Drug associated with less airway inflammation and air trapping

TUESDAY, April 25 (HealthDay News) -- Asthmatic children treated with an eight-week course of montelukast have better outcomes than those who are not given the therapy, according to a study in the April issue of the Annals of Allergy, Asthma & Immunology.

Joseph D. Spahn, M.D., of the University of Colorado Health Sciences Center in Denver, and colleagues conducted a study of 21 patients aged 9 to 18 years with mild-to-moderate asthma who received either a placebo for eight weeks, or daily doses of 5 or 10 mg of montelukast.

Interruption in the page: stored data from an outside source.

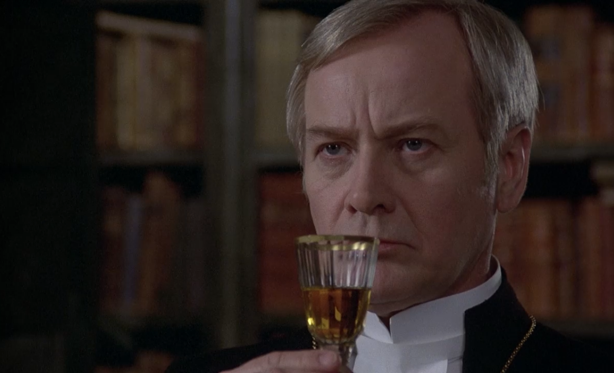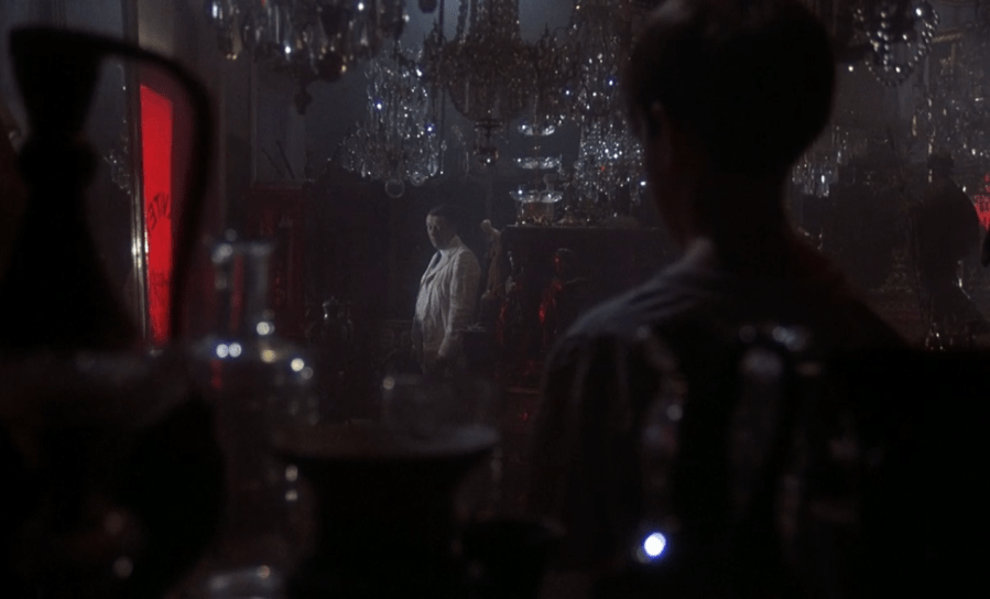 Allan Edwall’s Danjel in The Emigrants speaks one of the most powerful lines I’ve ever heard after illness claims his infant daughter. I thank you, God, Danjel says, for you have removed the one I idolized and which kept me from you. In Fanny and Alexander, Oscar is the idolized one, taken away from his family. Emilie yowls and screeches like a demoniac, pacing back and forth in front of her husband’s corpse. After the fact, Alexander and Fanny (Pernilla Alwin) are more composed—Fanny is even fairly self-possessed as she watches her father die—but Alexander is totally inconsolable. He has to be dragged to his father’s deathbed, dragged out from underneath that bed, dragged to say goodbye to dying father, who opens his eyes for his son despite the agony of the light. Oscar’s death is the beginning of the movie, the chance for the smooth-talking Bishop Vergerus (Jan Malmsjo) to enter the picture and woo the beautiful bereaved. (There is, in Bergman, an unsavory Vergerus for every occasion; one wonders who the original model was. My money is on some Uppsala hooligan who TP’d Ingmar’s lawn. One is a little disappointed, too, that only Jarl Kulle takes advantage of the menace in drawing out those three syllables.) Unsurprisingly, it is also where God begins to creep into the movie, although the movie from the first moment of Vergerus’ thrall knows that God is not present in the churchman’s urbane, savage persona. At least, there is no god in there who does not agree with every scrap and tittle of Vergerus’ doings. As he comes into the Ekdahl house, he checks his hair in the mirror; obsessed with the flesh either for its pleasure or its mortification, he is one of those implacable monsters which inhabits any fairy tale.
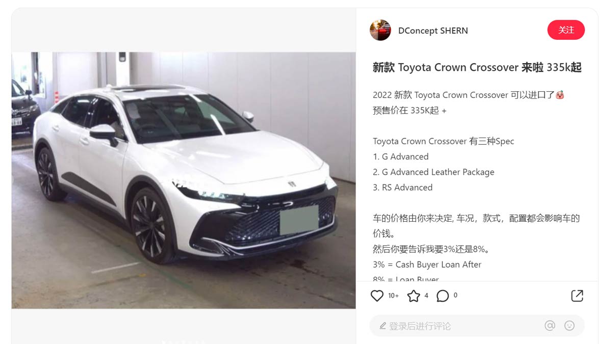全新第 16 代 Crown 是在 2022 年 7 月 15 日全球首发,而算算时间如果是第一批在日本当地交付的 Crown Crossover 其实已经可以满足我国 AP 入口准证进口车龄最少 1 年的复新二手车的规定,那本地著名进口车商 DConcept 的一名销售员近日就在社交媒体上开放这款车的预订,这款车引入大马的预计售价从 RM 335,000 起。
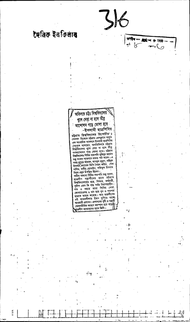 অবিলম্বে চট্ট: বিশ্ববিদ্যালয় খুলে দেয়া না হলে তীব্র আন্দোলন গড়ে তোলা হবে ইসলামী ছাত্রশিবির Published on Newspaper দৈনিক ইনকিলাব Category Student Politics Download
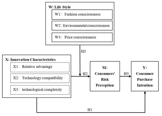 Based on the viewpoints analyzed above, a conceptual model was proposed, as shown in Figure 2, to explore how innovation characteristics and lifestyle affect consumers’ purchase intention.

Twice a day, the children's symptoms and albuterol use were recorded. They performed exhaled nitric oxide measurement, forced oscillometry, spirometry and body box plethysmography at the start of the study, and again at two, four, six and eight weeks. At the start and end of the study, the researchers obtained circulating eosinophil counts and serum eosinophil cationic protein (ECP) levels.

Patients treated with montelukast had lower residual volume, residual volume-total lung capacity ratio, airway resistance, specific conductance and serum ECP levels than those in the placebo group.

"This is among the first studies to evaluate the effect of montelukast on a variety of variables of lung function impairment in children with asthma," the authors write. "An eight-week course of montelukast resulted in improvement in these measures of airflow obstruction."

The study was funded by a grant from Merck & Co. Inc.